The British Army currently has 36 "in role" infantry battalions and 9 "in role" armoured regiments.
These units are divided into a mixture of subtypes.
Armoured regiments can be either heavy tank units (effectively armoured horse artillery) or formation reconnaissance units (effectively light cavalry).
Infantry Battalions can be armoured infantry (effectively medium cavalry),mechanised infantry,light role infantry,air assault infantry.
As it takes 5 units to maintain 1 unit deployed it makes sense to have the army's units and formations to be divided into multiples of 5.
These 45 battalions and regiments can be formed into 5 divisions each of 9 infantry battalions or armoured regiments.
A division of 9 battalions can be organised into 2 brigades of 4 battalions with 1 battalion as the divisional reconnaissance unit.
Alternatively the division may have 3 brigades,each of 3 battalions with 1 battalion in each brigade being reconnaissance roled.
In either case the army will have 5 divisions each of 9 battlions and regiments.

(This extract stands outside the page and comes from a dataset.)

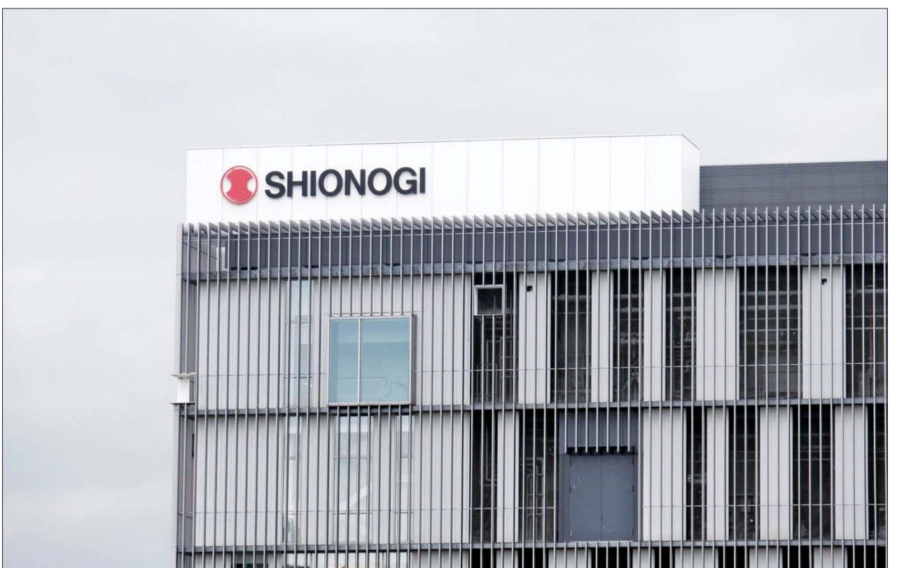
ဂျပန်နိုင်ငံက ပထမဆုံး ပြည်တွင်းထုတ် ကိုဗစ်-၁၉ရောဂါ ကာကွယ်ကုသဆေးဖြစ်သည့် ဇိုကိုဗာကို ထုတ်လုပ်ဖြန့်ချိသည့် ရှီအိုနိုဂီ ဆေးဝါးကုမ္ပဏီ။

တခြားနိုင်ငံတွေထက် ဂျပန်နိုင်ငံမှာ ကိုဗစ်-၁၉ ကူးစက်ဖြစ်ပွားမှု နှုန်း နည်းပါးကြောင်း ၎င်းက ဆက်လက်ထောက်ပြ ပြောဆိုခဲ့ပါတယ်။ ကိုဗစ်-၁၉ ဟာ နေ့စဉ်လူနေမှုမှာဝင်နေတဲ့ ခြိမ်းခြောက်လျက်ရှိသော်လည်း ကျန်းမာရေးနည်းလမ်းများအတိုင်း လိုက်နာနေထိုင်မယ်ဆိုပါက ရောဂါကူးစက်ဖြစ်ပွားမှုဒဏ်က ကာကွယ်နိုင်မှာဖြစ်ပါတယ်။

An army of 5 divisions should be able to sustain 1 division on operations indefinitely or surge several divisions for short term major warfighting operations.
This supply profile is well matched to the historic demand for British ground forces in wars since 1945.
However,sustaining divisional deployments will require some changes to how overseas non combat postings are dealt with with regard to harmony guidelines.
Currently the British army has role specific brigades such as 16 Air Assault Brigade and 7th armoured Brigade but is lacking in role specific divisions.
This is despite having sufficient assets to maintain such formations.
Consequently the capabilities of the different types of unit within the army cannot be exploited to the full.
A particular situation might best be dealt with by the deployment of a light infantry/air assault division,for example:Kosovo 1999;Afghanistan 2001;Northern Iraq 2003.
The British Army has sufficient light infantry units to deploy such a division but it does not have suitable lightweight divisional support assets as its divisions are effectively general purpose structures.
Similarly there may be situations which require an all heavy armoured division,such as the liberation of Kuwait in 1991,or an all medium division.
This deficiency may be corrected by reorganising units into type specific divisions.
The 9 in role regular Royal Armoured Corps regiments may be formed into a single armoured heavy cavalry division.
A single light air assault division may be formed from 9 light infantry battalions.
The remainder of the infantry may be formed into 3 medium infantry divisions of 9 infantry battalions each.
These divisions may be mixed at all levels as the situation requires but their role specific divisional assets permit the deployment of homogenous formations when needed.
At present divisions are made up of 2 types of armoured regiments (tank and formation reconnaissance) and 4 types of infantry battalion (armoured,mechanised,light role,air assault).
The divisional reorganisation suggested above requires only 3 types of unit:armoured heavy cavalry;medium infantry and light air assault infantry.
With all armoured formation reconnaissance regiments being consolidated within the heavy cavalry division,there is a need to equip them with heavier vehicles more suitable for the higher threat density they will operate in,such as the Warrior.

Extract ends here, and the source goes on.